What is required
Every line of the listing below from the one with "X is Apple admits" up to and including the one with "Step 3) Let" should be retyped exactly, and nothing else; pictures are not part of the copy.

Data to use

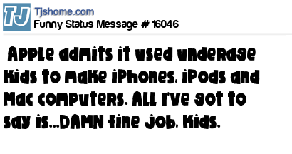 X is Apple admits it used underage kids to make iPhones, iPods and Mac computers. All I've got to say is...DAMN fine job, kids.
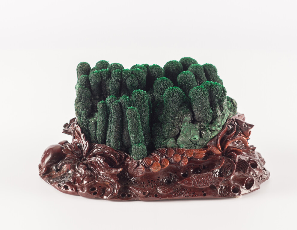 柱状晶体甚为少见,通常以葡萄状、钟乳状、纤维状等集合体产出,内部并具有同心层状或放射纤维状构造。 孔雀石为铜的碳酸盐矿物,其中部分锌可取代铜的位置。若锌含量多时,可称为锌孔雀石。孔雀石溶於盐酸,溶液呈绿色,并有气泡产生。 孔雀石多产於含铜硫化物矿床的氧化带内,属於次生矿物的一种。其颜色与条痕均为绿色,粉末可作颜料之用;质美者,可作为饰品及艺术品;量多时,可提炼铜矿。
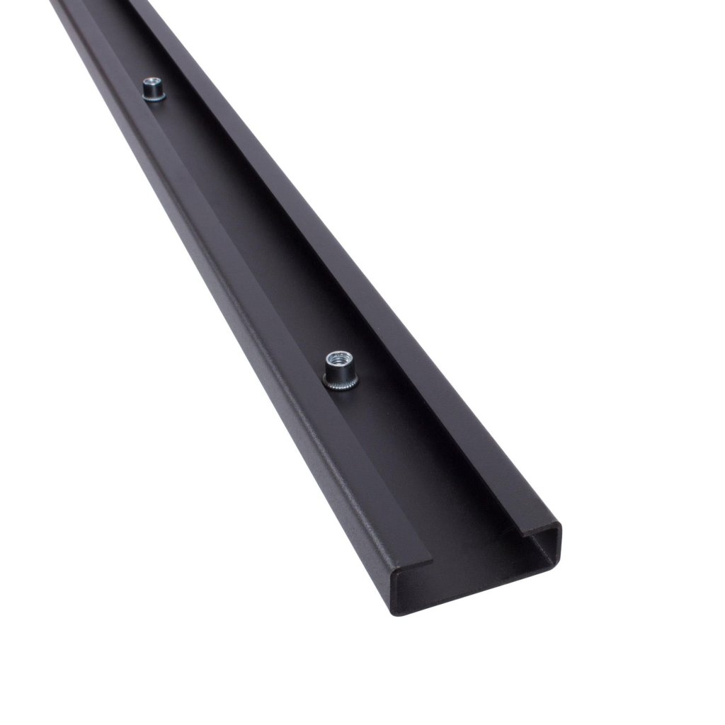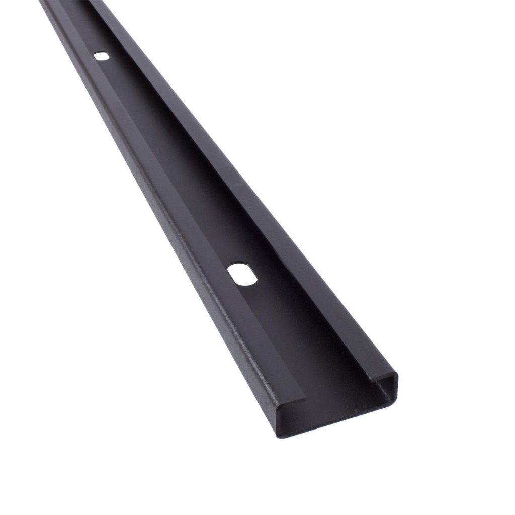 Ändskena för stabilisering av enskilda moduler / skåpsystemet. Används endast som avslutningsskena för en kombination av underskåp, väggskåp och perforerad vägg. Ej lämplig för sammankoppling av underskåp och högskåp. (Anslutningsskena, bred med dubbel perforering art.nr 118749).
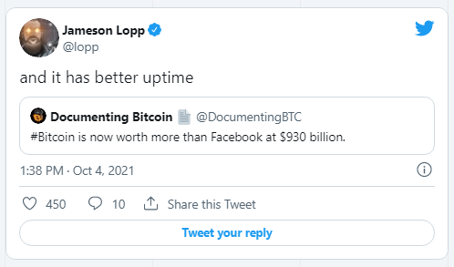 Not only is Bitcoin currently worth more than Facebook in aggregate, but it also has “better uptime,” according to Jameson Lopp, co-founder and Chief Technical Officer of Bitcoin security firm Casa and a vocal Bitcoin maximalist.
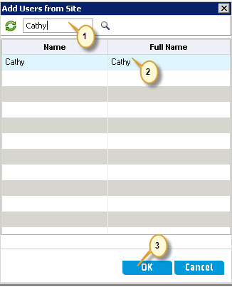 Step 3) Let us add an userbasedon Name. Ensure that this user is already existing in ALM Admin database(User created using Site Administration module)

...

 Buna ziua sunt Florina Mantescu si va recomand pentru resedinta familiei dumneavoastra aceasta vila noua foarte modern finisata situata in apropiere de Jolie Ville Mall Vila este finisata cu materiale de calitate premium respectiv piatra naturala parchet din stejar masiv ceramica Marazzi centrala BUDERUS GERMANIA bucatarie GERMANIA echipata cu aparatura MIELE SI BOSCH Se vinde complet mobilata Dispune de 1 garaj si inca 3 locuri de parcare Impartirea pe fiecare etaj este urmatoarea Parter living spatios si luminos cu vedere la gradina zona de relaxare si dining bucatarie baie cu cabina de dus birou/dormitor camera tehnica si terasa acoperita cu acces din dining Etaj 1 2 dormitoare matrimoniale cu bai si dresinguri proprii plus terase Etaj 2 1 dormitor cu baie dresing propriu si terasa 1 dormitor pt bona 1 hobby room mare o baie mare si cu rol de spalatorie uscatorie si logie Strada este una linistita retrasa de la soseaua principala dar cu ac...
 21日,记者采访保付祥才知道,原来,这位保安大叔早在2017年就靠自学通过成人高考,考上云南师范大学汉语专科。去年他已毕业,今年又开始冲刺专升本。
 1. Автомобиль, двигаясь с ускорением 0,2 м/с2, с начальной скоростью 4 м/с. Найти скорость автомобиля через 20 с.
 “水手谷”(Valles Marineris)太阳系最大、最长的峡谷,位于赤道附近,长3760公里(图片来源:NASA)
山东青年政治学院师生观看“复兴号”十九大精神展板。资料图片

--

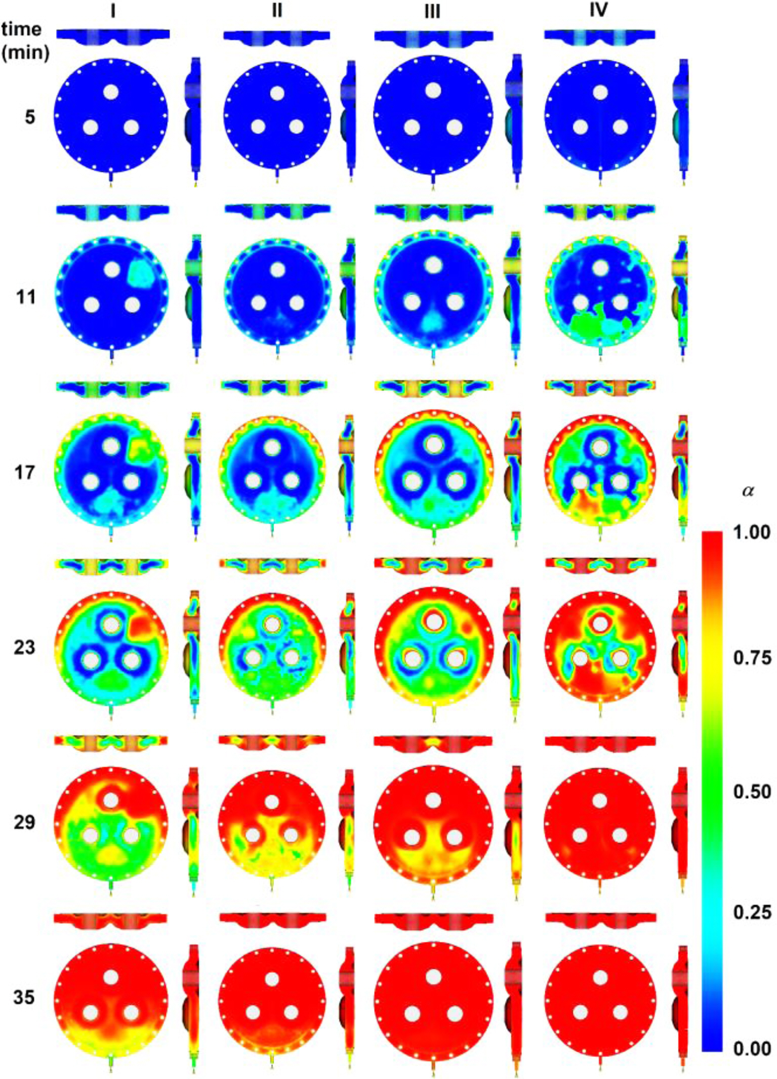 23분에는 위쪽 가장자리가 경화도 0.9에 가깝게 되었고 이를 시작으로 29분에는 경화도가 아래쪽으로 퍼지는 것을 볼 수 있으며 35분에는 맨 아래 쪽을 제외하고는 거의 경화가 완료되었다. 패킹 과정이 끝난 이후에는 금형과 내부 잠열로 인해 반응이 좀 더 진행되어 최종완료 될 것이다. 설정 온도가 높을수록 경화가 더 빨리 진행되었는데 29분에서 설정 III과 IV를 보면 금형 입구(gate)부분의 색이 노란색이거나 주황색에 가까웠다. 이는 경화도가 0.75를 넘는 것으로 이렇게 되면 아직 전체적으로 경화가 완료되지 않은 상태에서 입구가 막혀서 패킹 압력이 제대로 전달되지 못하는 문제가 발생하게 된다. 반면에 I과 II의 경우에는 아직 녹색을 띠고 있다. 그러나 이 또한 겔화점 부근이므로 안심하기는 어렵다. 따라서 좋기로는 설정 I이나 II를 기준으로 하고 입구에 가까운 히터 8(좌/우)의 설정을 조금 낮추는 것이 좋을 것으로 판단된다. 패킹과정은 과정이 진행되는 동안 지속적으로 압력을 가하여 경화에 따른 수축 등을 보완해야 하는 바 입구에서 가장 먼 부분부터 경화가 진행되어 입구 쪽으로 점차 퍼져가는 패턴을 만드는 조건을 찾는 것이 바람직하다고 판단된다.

Answer box
 X is Apple admits it used underage kids to make iPhones, iPods and Mac computers. All I've got to say is...DAMN fine job, kids.
 柱状晶体甚为少见,通常以葡萄状、钟乳状、纤维状等集合体产出,内部并具有同心层状或放射纤维状构造。 孔雀石为铜的碳酸盐矿物,其中部分锌可取代铜的位置。若锌含量多时,可称为锌孔雀石。孔雀石溶於盐酸,溶液呈绿色,并有气泡产生。 孔雀石多产於含铜硫化物矿床的氧化带内,属於次生矿物的一种。其颜色与条痕均为绿色,粉末可作颜料之用;质美者,可作为饰品及艺术品;量多时,可提炼铜矿。
 Ändskena för stabilisering av enskilda moduler / skåpsystemet. Används endast som avslutningsskena för en kombination av underskåp, väggskåp och perforerad vägg. Ej lämplig för sammankoppling av underskåp och högskåp. (Anslutningsskena, bred med dubbel perforering art.nr 118749).
 Not only is Bitcoin currently worth more than Facebook in aggregate, but it also has “better uptime,” according to Jameson Lopp, co-founder and Chief Technical Officer of Bitcoin security firm Casa and a vocal Bitcoin maximalist.
 Step 3) Let us add an userbasedon Name. Ensure that this user is already existing in ALM Admin database(User created using Site Administration module)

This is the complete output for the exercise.